Together with the two geologists Alexander Lukeneder and Mathias Harzhauser from the Vienna Natural History Museum, who had previously worked with oolites, the team evaluated them. A complex project: rock samples were obtained from France to eastern Ukraine, from Germany to Sicily, sawn and examined under a microscope.

Tomographic data from Venus showed that sediments were deposited on the rocks in different densities and sizes. In the middle were also small remains of shells and six larger, denser grains, called limonites. The latter explains the previously mysterious hemispherical cavities on the surface of Venus with the same diameter: “The hard limonites probably sprouted when the creator of Venus was carving them”Weber explains. “In the case of the navel of Venus, he apparently made it a virtue out of necessity.”

Another finding: Venusian oolite is porous because the nuclei of the millions of globules (ooids) that make it up had dissolved. This is a great explanation as to why the ingenious sculptor: he is so much easier to work with. The scientists also identified a small shell remnant, just 2.5 millimeters long, and dated it to the Jurassic period. This ruled out all other potential deposits of the rock from the much later Miocene geological age, such as those in the nearby Vienna Basin.

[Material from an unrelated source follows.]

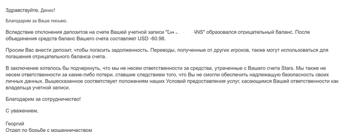 2. Если не на твоё, потребовать объяснения у старзов, почему они вывели деньги на чужой нетеллер. Спросить, если у них действительно правила такое позволяют, то что нужно сделать чтобы в дальнейшем такого не было. (Кстати, у тебя стоит двухфакторная аутентификация?)
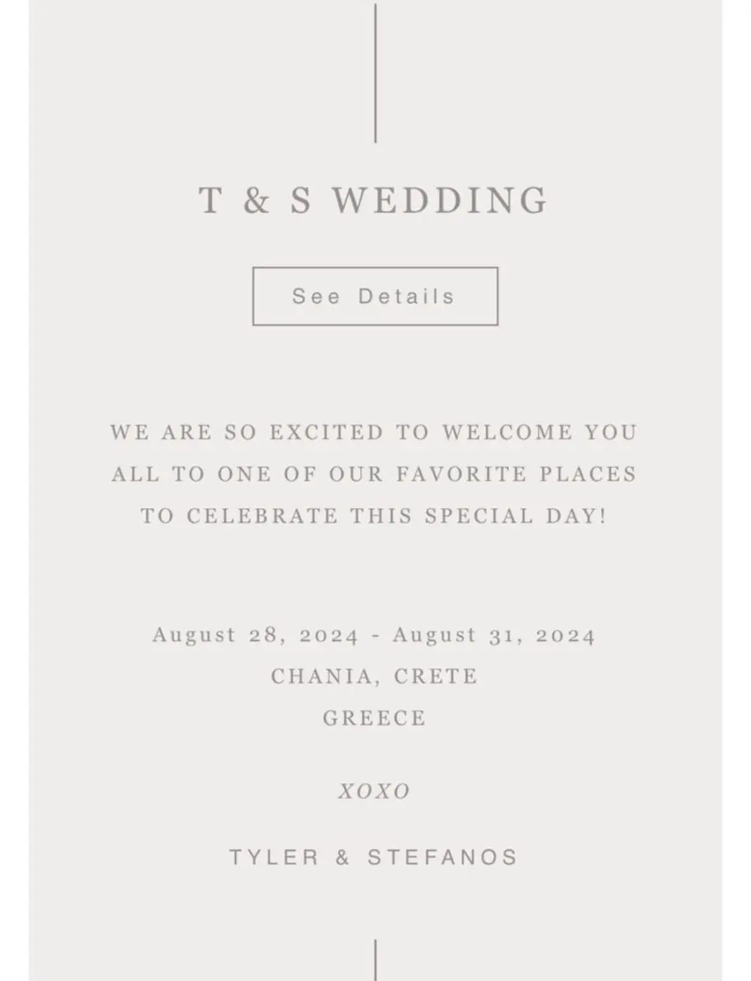 Όπως αναγράφεται στο προσκλητήριο, το γλέντι θα διαρκέσει τέσσερις ημέρες, από τις 28 μέχρι τις 31 Αυγούστου. Στο επάνω μέρος αναγράφονται τα αρχικά των δύο ανδρών, ενώ οι καλεσμένοι μπορούν να μπουν στο site με τις λεπτομέρειες του γάμου, χρησιμοποιώντας τον απαιτούμενο κωδικό.

The research team also analyzed the grain sizes of the other samples. Hundreds, sometimes even thousands of grains were marked and measured with image processing programs or even manually. None of the samples within a 200-kilometer radius of Willendorf even remotely matched. Analysis ultimately showed that the samples from Venus were statistically indistinguishable from samples from a location in northern Italy, near Lake Garda. This is remarkable because it means that Venus (or at least the material part of it) began a journey from south of the Alps to the Danube north of the Alps.

“The people of the Gravettian, the tool culture of the time, sought out and inhabited favorable places. when i changed they moved, preferably along the rivers”, explains Gerhard Weber. Such a journey could have taken generations.

One of two possible routes from south to north would lead around the Alps and into the Pannonian plain and was described in simulations by other researchers a few years ago. The other way to get from Lake Garda to Wachau would be through the Alps. It is not clear if this was possible more than 30,000 years ago due to the deterioration of the climate that began at that time. This would be a rather unlikely variant if there had already been continuous glaciers at that time. However, the 730 km path along the Etsch, the Inn and the Danube was always below 1,000 meters above sea level, with the exception of 35 km at Lake Reschen.

Statistics clearly point to northern Italy as the origin of the Venusian oolite. However, there is another interesting place for the origin of the rock. It’s in eastern Ukraine, more than 1,000 linear miles from Willendorf. Like Italy, but better than all the rest of the sample.

An interesting connection here: Venus figures were found in the vicinity of southern Russia, which are somewhat younger, but closely resemble the Venuses found in Austria. The genetic results also show that people from Central and Eastern Europe were connected to each other at that time.